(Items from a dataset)
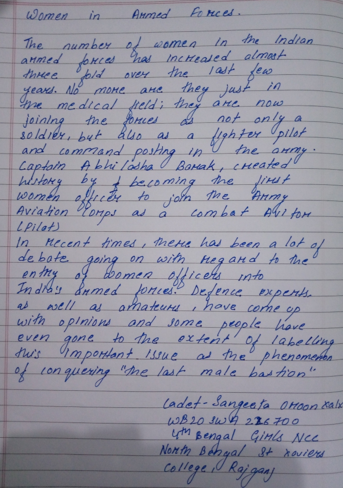 Cadet Neha kiran bara WB20SWA226690 St. Xaviers College, rajganj
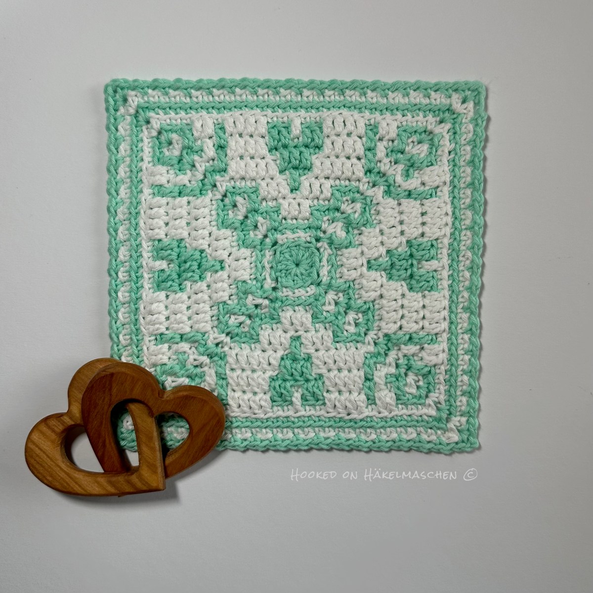 As I only made a single square, I reduced the border a little and crocheted only two rounds. I used rounds 1 and 2 of Ana‘s border: round 1 in White and round 2 in Mint.
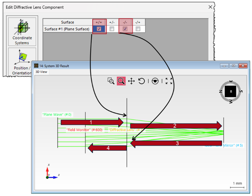 • 衍射透鏡元件現(xiàn)在支持全部四種表面通道(++, +-, -+, --)。
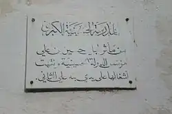 - (ar) Cet article est partiellement ou en totalité issu de l’article de Wikipédia en arabe intitulé « المدرسة الحسينية الكبرى » (voir la liste des auteurs).
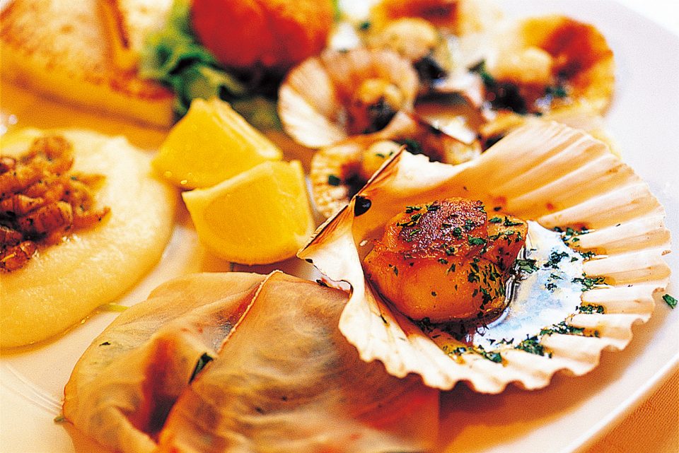 ホタテ貝のヴェネツィア風焼き。にんにく、オリーブオイル、レモンの風味が◎
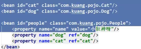 byName自动装配:会在容器的上下文去查找和自己set方法后面值相同的beanid。即setDog(Dog dog) bean id=dog
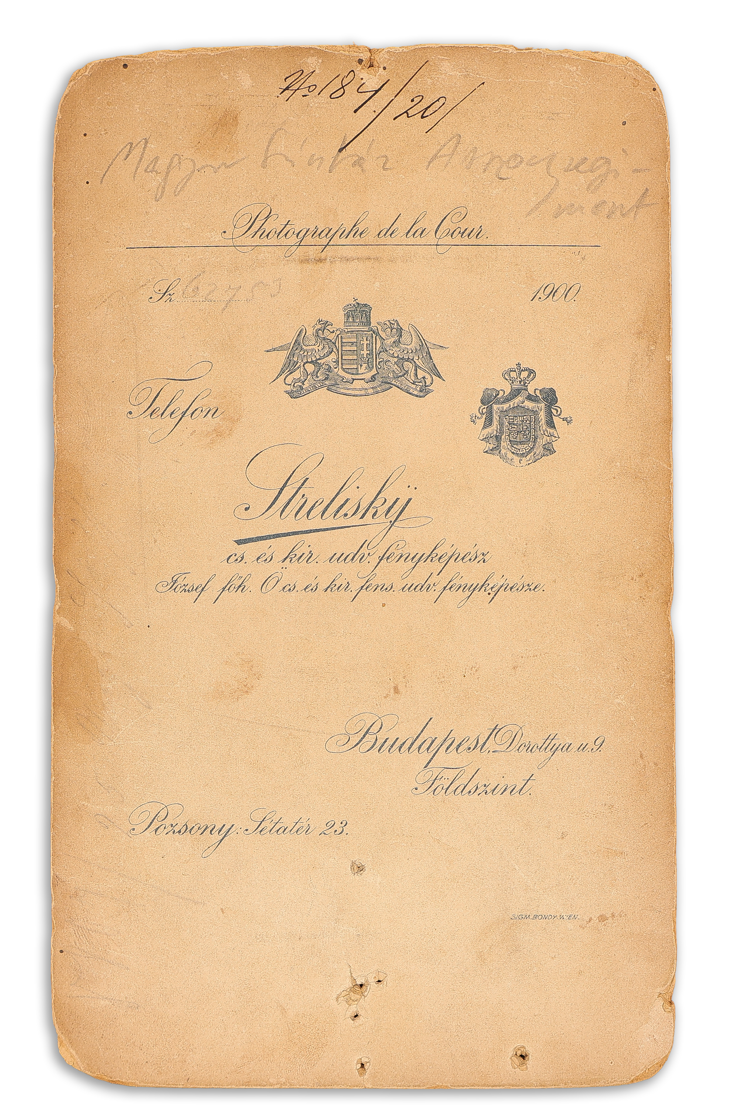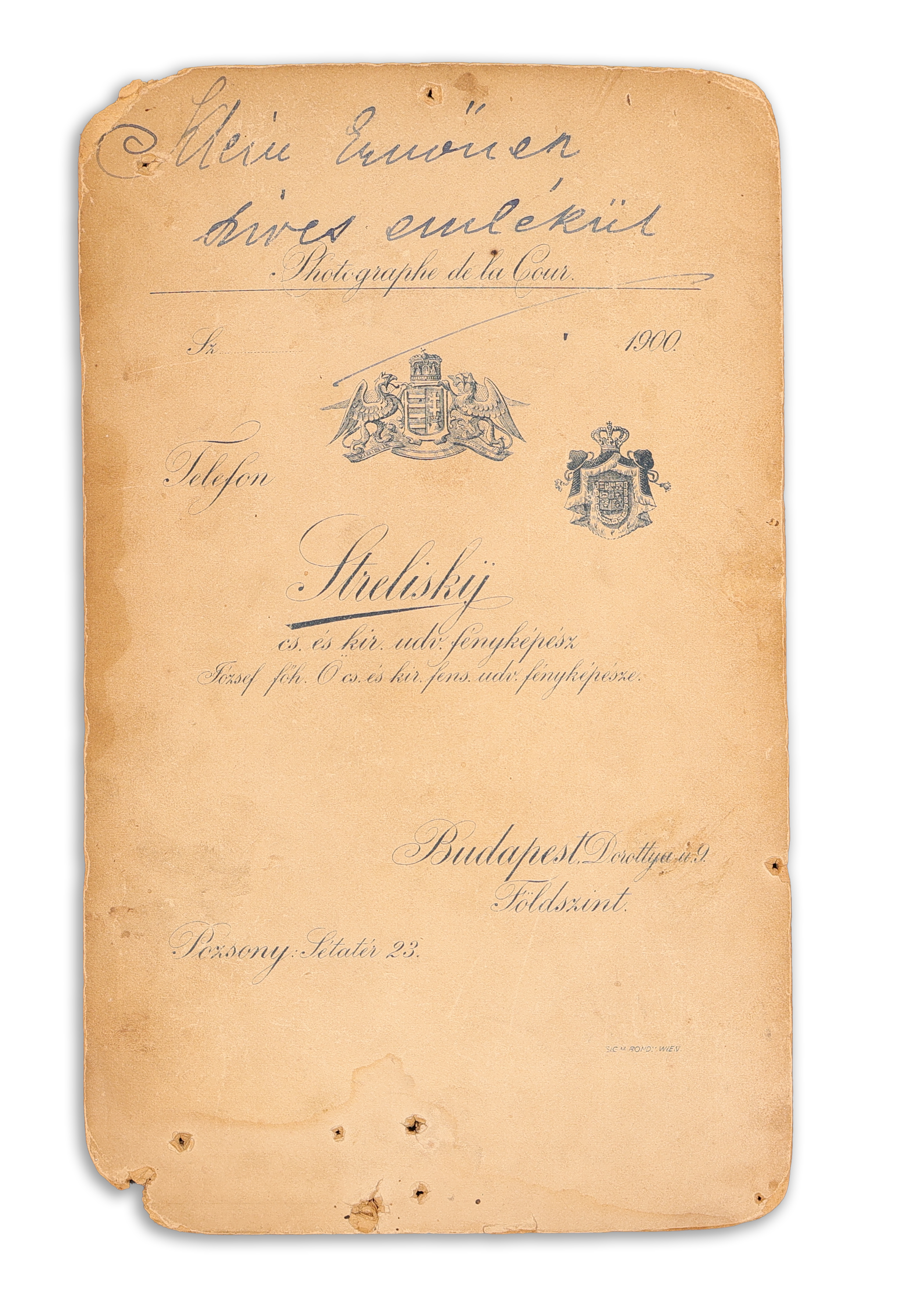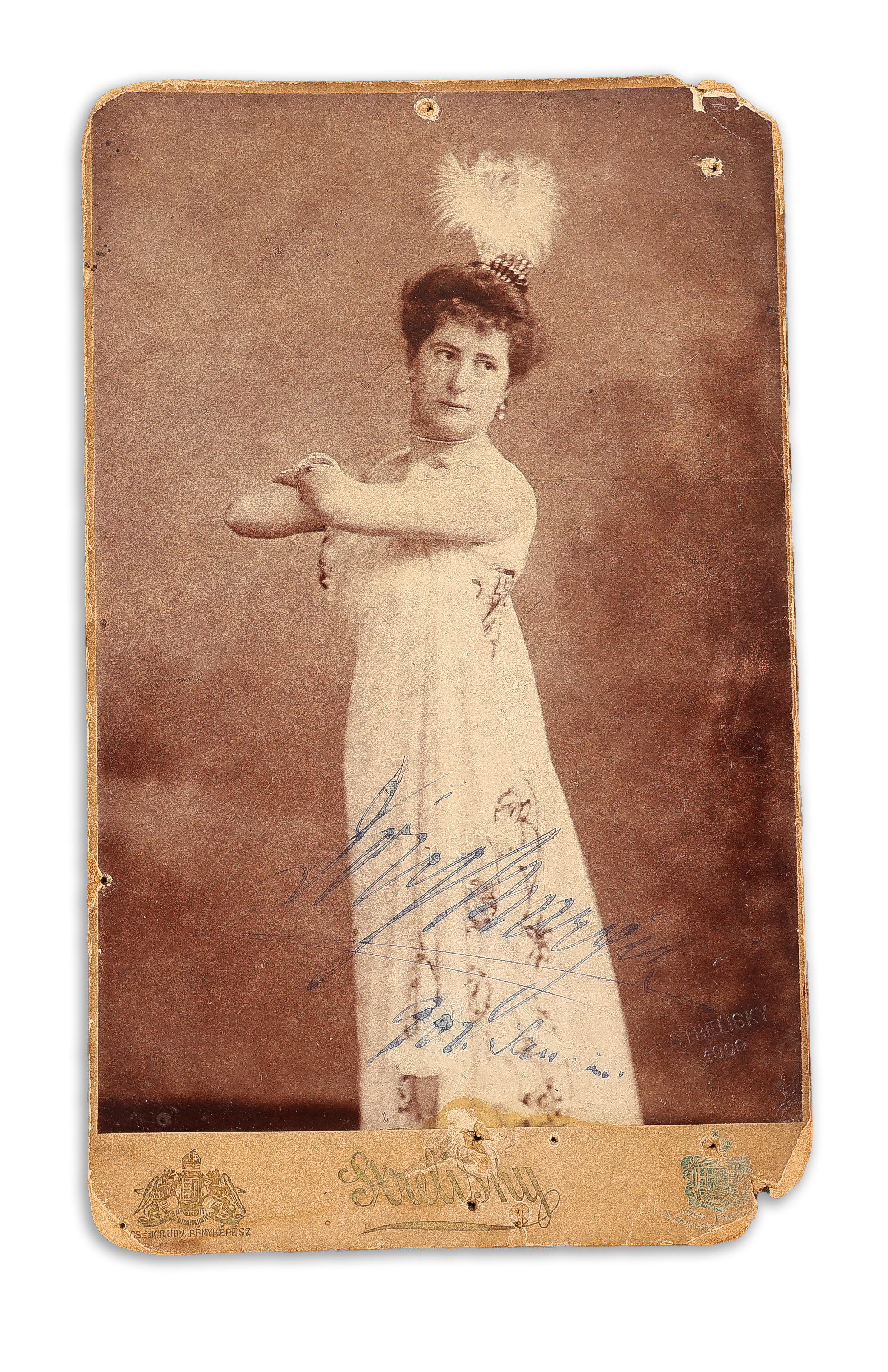 - Dóry Margit operetténekes színésznő (1879-19??) egészalakos fényképe aláírásával, a verzóján dedikációval Strelisky budapesti műterméből. Budapest, 1901.

Work instruction>
Copy out all the data above exactly, pictures excluded.

Task solution>
 Cadet Neha kiran bara WB20SWA226690 St. Xaviers College, rajganj
 As I only made a single square, I reduced the border a little and crocheted only two rounds. I used rounds 1 and 2 of Ana‘s border: round 1 in White and round 2 in Mint.
 • 衍射透鏡元件現(xiàn)在支持全部四種表面通道(++, +-, -+, --)。
 - (ar) Cet article est partiellement ou en totalité issu de l’article de Wikipédia en arabe intitulé « المدرسة الحسينية الكبرى » (voir la liste des auteurs).
 ホタテ貝のヴェネツィア風焼き。にんにく、オリーブオイル、レモンの風味が◎
 byName自动装配:会在容器的上下文去查找和自己set方法后面值相同的beanid。即setDog(Dog dog) bean id=dog
 - Dóry Margit operetténekes színésznő (1879-19??) egészalakos fényképe aláírásával, a verzóján dedikációval Strelisky budapesti műterméből. Budapest, 1901.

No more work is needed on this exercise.